The New Republic strikes back.
Jul 7, 2003, Vol. 8, No. 42
GIVE STEPHEN F. HAYES CREDIT. With only a couple of days between the New Republic's deadline and THE WEEKLY STANDARD's, he didn't have much time to defend the Bush administration from our charges that it systematically exaggerated what American intelligence knew about Iraq's nuclear program and alleged links to al Qaeda ("The War Against Bush," June 30). Unfortunately, it shows.

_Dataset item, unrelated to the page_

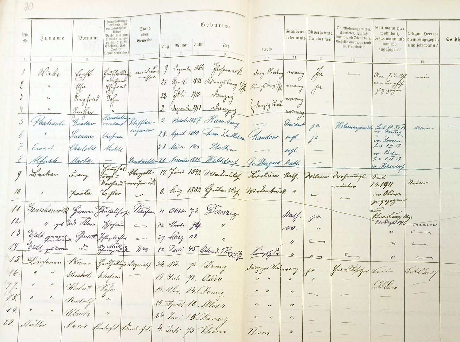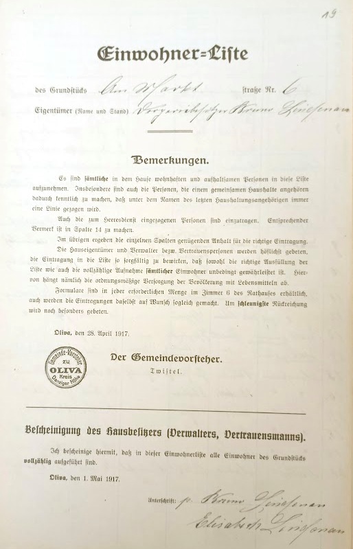 Spis z 1917 roku › Zbiory: Archiwum Państwowe w Gdańsku - sygnatura: APG 760/594 Przekazała Grażyna Niemyjska (19) Am Markt 6. Właściciel: Bruno Lindenau, Elisabeth Lindenau. ![]() (20) Am Markt 6. Mieszkańcy: Wiebe, ..., ..., ..., Becker, ..., Lindenau, Mühle. ![]()

Start with the alleged al Qaeda ties. As we reported, the FBI and CIA examined thousands of documents--"from flight reservations to car rentals to bank accounts," in FBI Director Robert Mueller's words--before determining in early 2002 that there was no evidence that September 11 hijacker Mohamed Atta met an Iraqi agent in Prague in April 2001, as has been alleged. (Indeed, American intelligence concluded Atta was in Virginia Beach at the time.) This is also the position of the Czech government. Only one person--an informant to Czech intelligence--claims to have seen Atta meet with the Iraqi agent, and even Czech intelligence officials have questioned the informant's reliability in conversations with reporters. Hayes admits the Atta meeting is "disputed," saying (without any evidence) that it could have occurred at another time. But, even if you accept this highly charitable assessment, the Bush administration's public statements were still dishonest. In September 2002, Vice President Dick Cheney said accounts of the meeting were "credible." How can they be "credible" when the CIA and FBI have said there was no evidence?

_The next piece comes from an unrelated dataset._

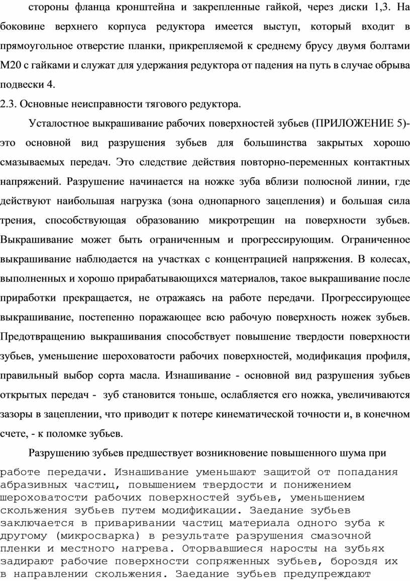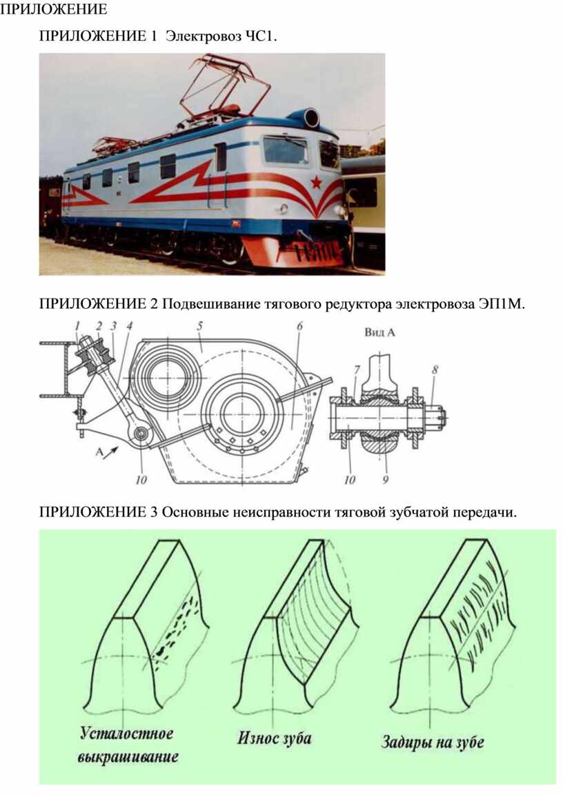 ПРИЛОЖЕНИЕ 3 Основные неисправности тяговой зубчатой передачи.

Hayes also casts aspersions on our report that high-level al Qaeda terrorists Khalid Shaikh Mohammed, Abu Zubaydah, and Ramzi bin Al Shibh have rejected a link between Saddam Hussein and Osama bin Laden's group, saying these are merely "denials from terrorists." That's true. But, in his January 2003 State of the Union address, President George W. Bush cited "statements by people now in custody" as evidence that Saddam and al Qaeda were linked. If Hayes wants to discount the testimony of captured terrorists, he should begin with the testimony brandished by the president himself.

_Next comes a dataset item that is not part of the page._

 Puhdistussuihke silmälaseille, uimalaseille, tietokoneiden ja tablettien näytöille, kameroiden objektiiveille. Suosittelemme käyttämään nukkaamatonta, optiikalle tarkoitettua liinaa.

Hayes cites an administration leak to Newsweek earlier this month about a former Iraqi diplomat confirming contact between al Qaeda and an Iraqi operative in the mid-90s. But, as Walter Pincus reported in the June 22 Washington Post, American officials knew last fall of such early ties and attributed them to mutual enmity toward the Saudi monarchy rather than the United States. Hayes also cites ties between Saddam and Abu Musab al-Zarqawi, whom Hayes identifies as "an al Qaeda leader." For starters, there is no evidence of any agreement, arrangement, or plot involving Zarqawi and Saddam's regime. Moreover, Pincus reports that "U.S. intelligence had already concluded [by last October] that Zarqawi was not an al Qaeda member but the leader of an unaffiliated terrorist group who occasionally associated with al Qaeda adherents."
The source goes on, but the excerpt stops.